**WHAT THE TASK REQUIRES:** With the pictures left aside, write out exactly the lines of the listing below from the line with "Комплект круглых банкеток" to the line with "WIP shot of", both included, and only those.

**EXERCISE DATA:**
________

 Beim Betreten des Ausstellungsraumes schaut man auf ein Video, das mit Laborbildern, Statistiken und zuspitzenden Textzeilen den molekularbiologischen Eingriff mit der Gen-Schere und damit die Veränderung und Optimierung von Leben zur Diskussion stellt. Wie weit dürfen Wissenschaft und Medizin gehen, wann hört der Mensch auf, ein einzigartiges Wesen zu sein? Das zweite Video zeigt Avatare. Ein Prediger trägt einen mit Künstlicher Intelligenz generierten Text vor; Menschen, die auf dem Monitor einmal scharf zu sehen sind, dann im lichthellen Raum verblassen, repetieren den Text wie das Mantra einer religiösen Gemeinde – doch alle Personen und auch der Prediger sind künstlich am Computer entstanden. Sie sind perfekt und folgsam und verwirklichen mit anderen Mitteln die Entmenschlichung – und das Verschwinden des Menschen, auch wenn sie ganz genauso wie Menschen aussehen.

________

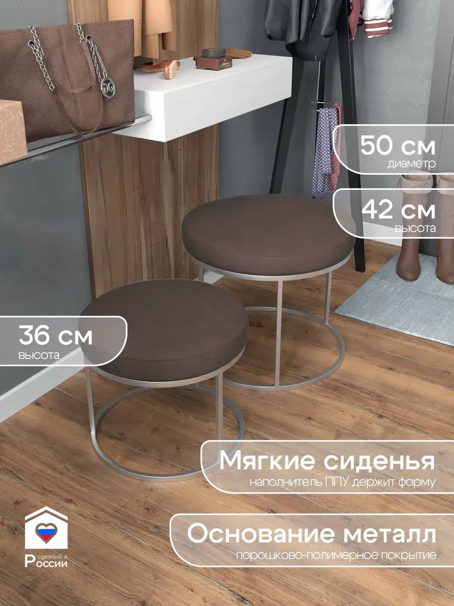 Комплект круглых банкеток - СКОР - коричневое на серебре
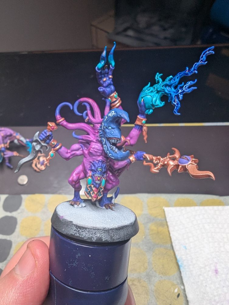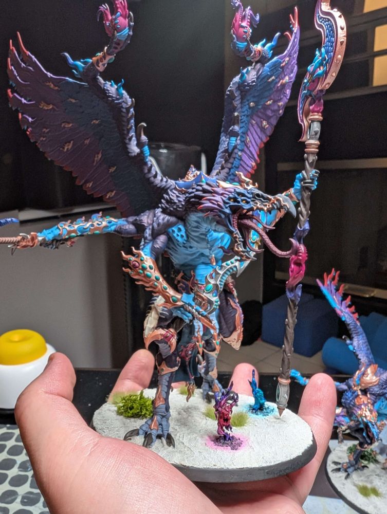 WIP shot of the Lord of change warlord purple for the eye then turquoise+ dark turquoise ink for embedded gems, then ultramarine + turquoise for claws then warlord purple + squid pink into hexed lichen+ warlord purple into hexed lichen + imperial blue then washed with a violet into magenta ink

________

**ANSWER TO THE PROBLEM:**
 Комплект круглых банкеток - СКОР - коричневое на серебре
 WIP shot of the Lord of change warlord purple for the eye then turquoise+ dark turquoise ink for embedded gems, then ultramarine + turquoise for claws then warlord purple + squid pink into hexed lichen+ warlord purple into hexed lichen + imperial blue then washed with a violet into magenta ink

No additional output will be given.